Shadow enhancers mediate trade-offs between transcriptional noise and fidelity

Enhancers are stretches of regulatory DNA that bind transcription factors (TFs) and regulate the expression of a target gene. Shadow enhancers are two or more enhancers that regulate the same target gene in space and time and are associated with most animal developmental genes. These multi-enhancer systems can drive more consistent transcription than single enhancer systems. Nevertheless, it remains unclear why shadow enhancer TF binding sites are distributed across multiple enhancers rather than within a single large enhancer. Here, we use a computational approach to study systems with varying numbers of TF binding sites and enhancers. We employ chemical reaction networks with stochastic dynamics to determine the trends in transcriptional noise and fidelity, two key performance objectives of enhancers. This reveals that while additive shadow enhancers do not differ in noise and fidelity from their single enhancer counterparts, sub- and superadditive shadow enhancers have noise and fidelity trade-offs not available to single enhancers. We also use our computational approach to compare the duplication and splitting of a single enhancer as mechanisms for the generation of shadow enhancers and find that the duplication of enhancers can decrease noise and increase fidelity, although at the metabolic cost of increased RNA production. A saturation mechanism for enhancer interactions similarly improves on both of these metrics. Taken together, this work highlights that shadow enhancer systems may exist for several reasons: genetic drift or the tuning of key functions of enhancers, including transcription fidelity, noise and output.
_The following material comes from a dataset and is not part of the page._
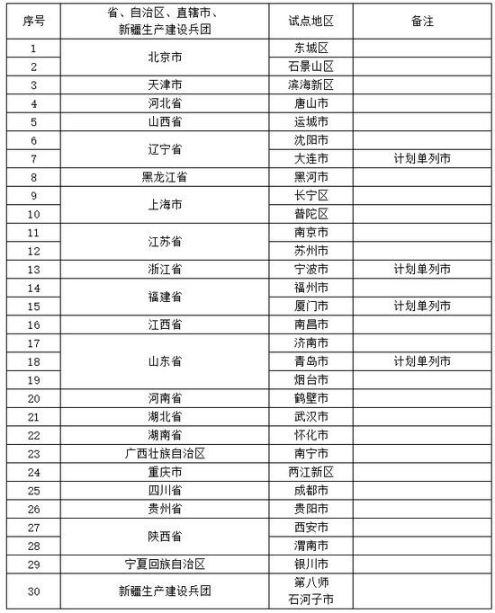 第一陣の試行地は、都市の自発的な申請(qǐng)をベースにして、商務(wù)部が関連當(dāng)局と連攜し、専門家が各都市の申請(qǐng)資料を?qū)彇摔筏七x出された。30ヶ所には北京市の東城區(qū)、石景山區(qū)、上海市の長寧區(qū)、普陀區(qū)、福建省の福州市、廈門(アモイ)市、四川省の成都市などが選ばれた。(編集KN)
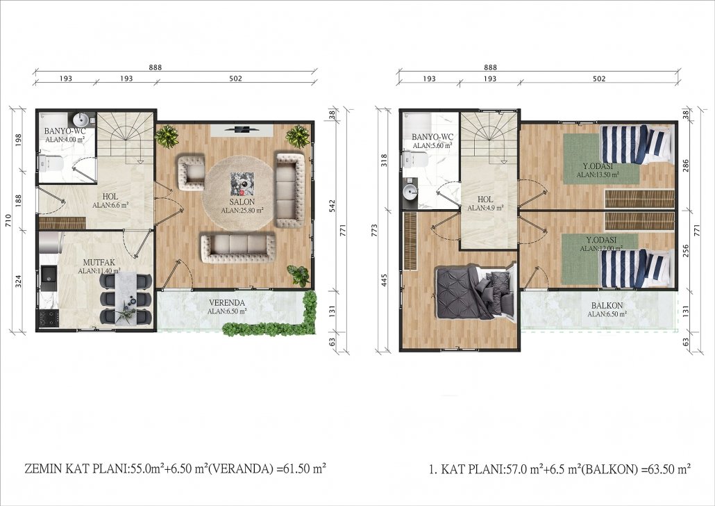 125 متر مربع من المساكن الجاهزة المكونة من طابقين

During development, cells assume different fates based upon signals, including transcription factor proteins that bind to regions of the DNA called enhancers. Enhancers can interact with promoters to control the transcription of a target gene. Many developmental genes have multiple, seemingly redundant enhancers called shadow enhancers.

When each separate enhancer is bound by distinct transcription factors, shadow enhancers can drive less noisy gene expression than single enhancers. This allows for the buffering of perturbations in the transcription factor inputs. However, under this premise, a single large enhancer bound by distinct transcription factors should also be capable of buffering perturbations. Why then are shadow enhancers so prevalent?

Fletcher et al. developed computational models of enhancer-mediated transcription that vary in the numbers of enhancers and transcription factor binding sites. They analyzed transcriptional properties in systems with and without shadow enhancers. The models revealed that shadow enhancers can provide a wider landscape of possible transcriptional properties. This computational approach enabled a broader exploration of shadow enhancer properties than is feasible experimentally and may guide future experimentation. Given their prevalence in developmental gene regulation, investigation of shadow enhancers may lead to a better understanding on the pathogenicity of certain mutations found in developmental enhancers.